By Robert Kress RPh, Functional Pharmacy

Stress, Inflammation, Immunity

The immune system is an intricate network consisting of processes, systems, cells, tissues, and organs that work together to defend the body against attacks by “foreign” invaders.

Where the immune system has many individual components, such as passive, innate, and adaptive immunity, there is a direct correlation from outside influences of how efficient the immune system can or cannot work.

Stress has both benefits and downfalls. Stress is an adaptive energy needed for growth and strengthening. We have evolved through the fight or flight response, which provides the physical energy and mental focus to remove us from dangerous situations (Segerstrom, 2006).

Examples of good stress include physical stress on muscles or the vasculature system to further strengthen, alertness as a psychological stress needed to take an exam, or pay attention driving during bad weather. (Cleveland Clinic, 2017)

When stress becomes chronic and mismanaged it is a detriment to our health and well-being.

Examples of unhealthy stress include inadequate recovery from physical, mental and emotional stress of any kind.

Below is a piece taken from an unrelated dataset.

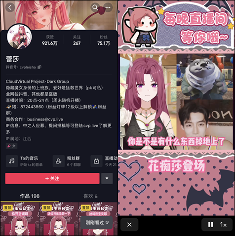 2020年,CloudVirtual Project就扎入了抖音虚拟主播赛道,其负责人明茶表示新播场:“我们算是第一家成体系在抖音跑(虚拟主播)的机构。”

This could be related to exercise, constant worrying and repetitive thoughts of a negative nature, and even emotions such as depression and anxiety (Cleveland Clinic, 2017).

Prolonged stress leads to hyper physiological levels of cortisol. This alters the effectiveness of cortisol to regulate both the inflammatory and immune response because it decreases tissue sensitivity to cortisol (Segerstrom, 2006).

As the human body heals, inflammation becomes a response to stress. Like stress, inflammation is beneficial, although when stress becomes chronic, it can lead to constant tissue breakdown and impairment of the immune system.

Sheldon Cohen, Ph.D, a professor of psychology at Carnegie Mellon University, in Pittsburgh has said, "Stressed people's immune cells become less sensitive to cortisol. They're unable to regulate the inflammatory response, and therefore, when they're exposed to a virus, they're more likely to develop a cold” (Cohen, 2004).

The way stress impacts the immune system can be assessed numerous ways.
  •   Measurements of inflammatory markers, including cytokines, a group of chemical messengers which affect   the behavior of immune cells.
  •   The response by the immune system itself, including activation and advancement of disease.
  •   Assessing the subject’s inability to cope with stressors, such as negative mood associated with general   stress, anxiety and depression, and types of life events that take place near the time of stressor (Glaser, 2005).

In patients with HIV (human immune deficiency virus), it has been shown that AIDs progresses faster in individuals experiencing higher stress. Studies in animals with simian immune deficiency virus (SIV), have found that animals that met every day and have lots of social support (a combatant to stress) have decreased concentrations of SIV in blood stream compared to those with unstable support (Glaser, 2005).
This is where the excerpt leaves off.